Task prompt: Would you output the entries below only from the line containing "Первый этаж дома" through the line containing "144 - حَدَّثَنِي", exactly as they stand and with both ends included?

Data shown:
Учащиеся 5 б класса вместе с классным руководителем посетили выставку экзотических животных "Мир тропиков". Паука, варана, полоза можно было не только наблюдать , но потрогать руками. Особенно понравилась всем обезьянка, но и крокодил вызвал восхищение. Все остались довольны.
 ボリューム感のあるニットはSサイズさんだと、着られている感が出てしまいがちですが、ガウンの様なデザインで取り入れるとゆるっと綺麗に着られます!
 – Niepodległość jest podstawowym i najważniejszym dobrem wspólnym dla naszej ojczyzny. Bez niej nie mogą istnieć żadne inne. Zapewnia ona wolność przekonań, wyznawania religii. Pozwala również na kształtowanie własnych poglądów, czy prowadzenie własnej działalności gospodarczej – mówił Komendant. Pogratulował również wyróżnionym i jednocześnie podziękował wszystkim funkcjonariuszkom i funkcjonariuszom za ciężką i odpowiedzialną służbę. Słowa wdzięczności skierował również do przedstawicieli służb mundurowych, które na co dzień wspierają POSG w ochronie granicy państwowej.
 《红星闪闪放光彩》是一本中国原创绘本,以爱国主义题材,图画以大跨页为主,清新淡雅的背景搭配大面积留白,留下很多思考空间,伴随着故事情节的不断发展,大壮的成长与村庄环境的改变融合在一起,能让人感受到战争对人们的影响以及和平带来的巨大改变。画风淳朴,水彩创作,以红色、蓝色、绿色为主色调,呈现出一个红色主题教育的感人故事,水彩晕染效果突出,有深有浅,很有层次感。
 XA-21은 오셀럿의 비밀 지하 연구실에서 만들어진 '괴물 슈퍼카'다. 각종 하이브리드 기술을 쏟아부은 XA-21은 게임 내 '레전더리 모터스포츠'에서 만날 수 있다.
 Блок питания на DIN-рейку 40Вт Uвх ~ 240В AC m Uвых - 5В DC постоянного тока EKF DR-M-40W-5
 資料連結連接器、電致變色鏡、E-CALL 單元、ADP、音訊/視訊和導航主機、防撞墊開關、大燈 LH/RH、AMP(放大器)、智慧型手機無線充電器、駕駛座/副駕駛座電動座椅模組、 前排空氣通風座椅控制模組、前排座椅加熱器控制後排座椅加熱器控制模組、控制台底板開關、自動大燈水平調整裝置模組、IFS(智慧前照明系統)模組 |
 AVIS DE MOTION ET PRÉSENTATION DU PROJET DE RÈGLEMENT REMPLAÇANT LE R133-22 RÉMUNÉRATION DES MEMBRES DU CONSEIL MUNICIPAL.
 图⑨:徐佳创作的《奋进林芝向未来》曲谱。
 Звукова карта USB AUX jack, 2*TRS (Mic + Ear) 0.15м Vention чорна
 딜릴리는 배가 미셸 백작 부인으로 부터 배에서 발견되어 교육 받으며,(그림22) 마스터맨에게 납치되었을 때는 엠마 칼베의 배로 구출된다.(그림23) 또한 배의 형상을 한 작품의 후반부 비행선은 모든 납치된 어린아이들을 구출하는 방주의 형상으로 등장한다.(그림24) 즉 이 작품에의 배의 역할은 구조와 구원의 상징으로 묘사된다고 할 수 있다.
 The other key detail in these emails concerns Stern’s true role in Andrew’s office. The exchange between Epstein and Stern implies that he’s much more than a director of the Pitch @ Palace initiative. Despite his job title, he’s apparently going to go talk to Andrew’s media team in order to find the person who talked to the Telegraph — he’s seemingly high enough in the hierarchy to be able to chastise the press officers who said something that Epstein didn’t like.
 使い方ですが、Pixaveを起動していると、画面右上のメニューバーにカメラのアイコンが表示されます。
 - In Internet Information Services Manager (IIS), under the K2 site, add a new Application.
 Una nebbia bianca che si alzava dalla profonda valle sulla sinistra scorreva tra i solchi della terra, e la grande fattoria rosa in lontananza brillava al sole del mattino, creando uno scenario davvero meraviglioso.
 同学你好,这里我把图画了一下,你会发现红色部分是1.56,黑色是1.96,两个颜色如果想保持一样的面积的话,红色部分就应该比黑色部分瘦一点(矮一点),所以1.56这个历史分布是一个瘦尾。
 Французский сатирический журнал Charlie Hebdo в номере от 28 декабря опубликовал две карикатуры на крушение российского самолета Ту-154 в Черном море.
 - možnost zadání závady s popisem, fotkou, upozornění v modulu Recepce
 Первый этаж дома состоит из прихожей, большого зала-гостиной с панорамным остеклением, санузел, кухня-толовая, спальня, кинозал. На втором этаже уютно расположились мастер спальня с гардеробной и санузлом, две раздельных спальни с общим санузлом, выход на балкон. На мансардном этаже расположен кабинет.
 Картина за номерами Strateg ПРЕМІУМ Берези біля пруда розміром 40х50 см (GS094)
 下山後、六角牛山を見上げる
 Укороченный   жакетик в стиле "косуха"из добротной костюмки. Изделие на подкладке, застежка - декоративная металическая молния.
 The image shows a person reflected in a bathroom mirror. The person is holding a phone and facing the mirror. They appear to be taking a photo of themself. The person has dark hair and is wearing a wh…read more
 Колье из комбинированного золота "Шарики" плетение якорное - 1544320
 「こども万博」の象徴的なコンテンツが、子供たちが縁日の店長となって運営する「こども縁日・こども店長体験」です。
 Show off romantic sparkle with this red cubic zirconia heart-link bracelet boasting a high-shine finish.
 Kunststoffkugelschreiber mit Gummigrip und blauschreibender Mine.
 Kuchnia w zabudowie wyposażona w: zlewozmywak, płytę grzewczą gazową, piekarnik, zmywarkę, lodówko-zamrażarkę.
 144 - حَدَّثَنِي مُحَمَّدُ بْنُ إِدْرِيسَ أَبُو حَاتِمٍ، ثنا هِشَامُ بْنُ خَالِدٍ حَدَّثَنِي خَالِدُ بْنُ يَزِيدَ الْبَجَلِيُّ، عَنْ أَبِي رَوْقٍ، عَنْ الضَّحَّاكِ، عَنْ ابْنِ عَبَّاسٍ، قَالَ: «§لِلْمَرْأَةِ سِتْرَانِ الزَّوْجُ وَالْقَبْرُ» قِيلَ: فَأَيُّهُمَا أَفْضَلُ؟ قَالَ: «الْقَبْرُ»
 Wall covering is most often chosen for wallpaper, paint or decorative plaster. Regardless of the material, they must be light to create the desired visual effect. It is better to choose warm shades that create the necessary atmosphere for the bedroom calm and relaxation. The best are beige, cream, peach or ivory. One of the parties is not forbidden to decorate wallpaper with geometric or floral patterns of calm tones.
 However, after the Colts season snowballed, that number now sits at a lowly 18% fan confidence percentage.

Solution to this problem:
 Первый этаж дома состоит из прихожей, большого зала-гостиной с панорамным остеклением, санузел, кухня-толовая, спальня, кинозал. На втором этаже уютно расположились мастер спальня с гардеробной и санузлом, две раздельных спальни с общим санузлом, выход на балкон. На мансардном этаже расположен кабинет.
 Картина за номерами Strateg ПРЕМІУМ Берези біля пруда розміром 40х50 см (GS094)
 下山後、六角牛山を見上げる
 Укороченный   жакетик в стиле "косуха"из добротной костюмки. Изделие на подкладке, застежка - декоративная металическая молния.
 The image shows a person reflected in a bathroom mirror. The person is holding a phone and facing the mirror. They appear to be taking a photo of themself. The person has dark hair and is wearing a wh…read more
 Колье из комбинированного золота "Шарики" плетение якорное - 1544320
 「こども万博」の象徴的なコンテンツが、子供たちが縁日の店長となって運営する「こども縁日・こども店長体験」です。
 Show off romantic sparkle with this red cubic zirconia heart-link bracelet boasting a high-shine finish.
 Kunststoffkugelschreiber mit Gummigrip und blauschreibender Mine.
 Kuchnia w zabudowie wyposażona w: zlewozmywak, płytę grzewczą gazową, piekarnik, zmywarkę, lodówko-zamrażarkę.
 144 - حَدَّثَنِي مُحَمَّدُ بْنُ إِدْرِيسَ أَبُو حَاتِمٍ، ثنا هِشَامُ بْنُ خَالِدٍ حَدَّثَنِي خَالِدُ بْنُ يَزِيدَ الْبَجَلِيُّ، عَنْ أَبِي رَوْقٍ، عَنْ الضَّحَّاكِ، عَنْ ابْنِ عَبَّاسٍ، قَالَ: «§لِلْمَرْأَةِ سِتْرَانِ الزَّوْجُ وَالْقَبْرُ» قِيلَ: فَأَيُّهُمَا أَفْضَلُ؟ قَالَ: «الْقَبْرُ»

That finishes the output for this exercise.